La anciana permaneció largo rato en silencio, porque al parecer no encontraba respuesta oportuna a semejante pregunta y por último, apuntando un gesto de ignorancia, comentó:

—Supongo que no soy quién para opinar sobre un tema tan profundo, pero lo que sí puedo decirte es que el comportamiento de los hombres durante la guerra no tiene mucho que ver con lo que puedan ser ellos en realidad… Lo sé porque nací en España, y viví muy cerca aquella contienda… Si todos los que cometieron asesinatos en uno y otro bando hubieran sido ejecutados, poca gente quedaría… Pero el tiempo pasa, llega la paz, y con ella la obligación de olvidar… Algunos de los que hoy en día son incapaces de causar daño a nadie tendrían que colgarse del árbol más alto si recordaran sus crímenes de entonces… —Le golpeó afectuosamente la pierna de nuevo—. Pero dejemos eso… —añadió—. Éste no es lugar ni momento para discutirlo. Pronto amanecerá y estoy cansada… ¿Realmente no tienes a donde ir?

—No.

—Puedo ofrecerte una cama… Mis hijos me dejaron hace ya mucho tiempo. Conseguí sacarlos adelante pero no se sentían a gusto con una madre chatarrera… Quizá te sirva algún viejo vestido de Omayra y puedes guardar ese tan lindo para el día de tu boda… ¡Vamos…! —insistió—. ¡Ven…! Ven; no tengas miedo… —Sonrió con cierta amargura—. Pese a mi aspecto soy realmente inofensiva… Y no soy tan vieja como aparentan estas arrugas… Lo que ocurre es que el tiempo, que no perdona a nadie, a mí no me perdonó ni siquiera al principio… A los veinte años ya aparentaba cuarenta, y a los cuarenta, mil…
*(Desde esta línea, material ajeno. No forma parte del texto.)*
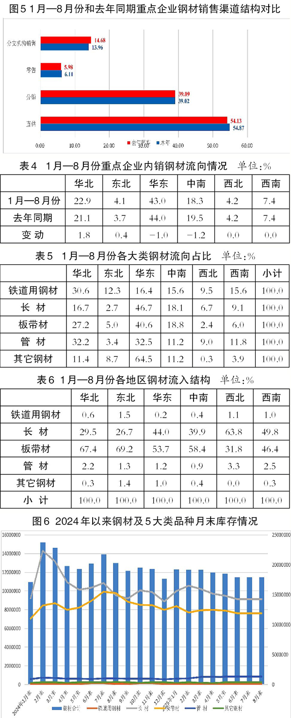 今年前8个月,重点企业钢材内销按照区域流入量统计,华东地区、华北地区、中南地区是主要流入地区,钢材流入合计量占重点企业内销钢材总量的84.3%,比去年同期下降0.4个百分点。
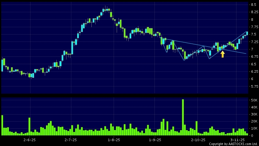 遠東宏信(03360.HK) +0.080 (+1.040%) 沽空 $7.84百萬; 比率 37.275% 呈現頭肩底向上突破,股價升穿頸線。現價報7.590,上升1.471%,成交量3.15百萬股,成交額2.38千萬。

Se fueron juntas, empujando el cochecito en cuyo interior cientos de casquillos de bala de todos los tamaños chocaban entre sí produciendo un campanilleo que se extendía como un rumor de metálicos grillos por el oscuro silencio de la ciudad dormida, y constituían un espectáculo casi fantasmagórico cruzando bajo la tímida luz de las sucias farolas: una vieja de oscuro vestido y cara de pasa rubia coronada por blancas greñas estropajosas, acompañada de una joven novia que hacía equilibrios y cojeaba sobre sus estilizadísimos tacones.

Cuando se adentraron por entre las casuchas de cartón y latas, se las tragó la oscuridad, y tan sólo la estrambótica musiquilla se convirtió en sonoro testigo de su paso.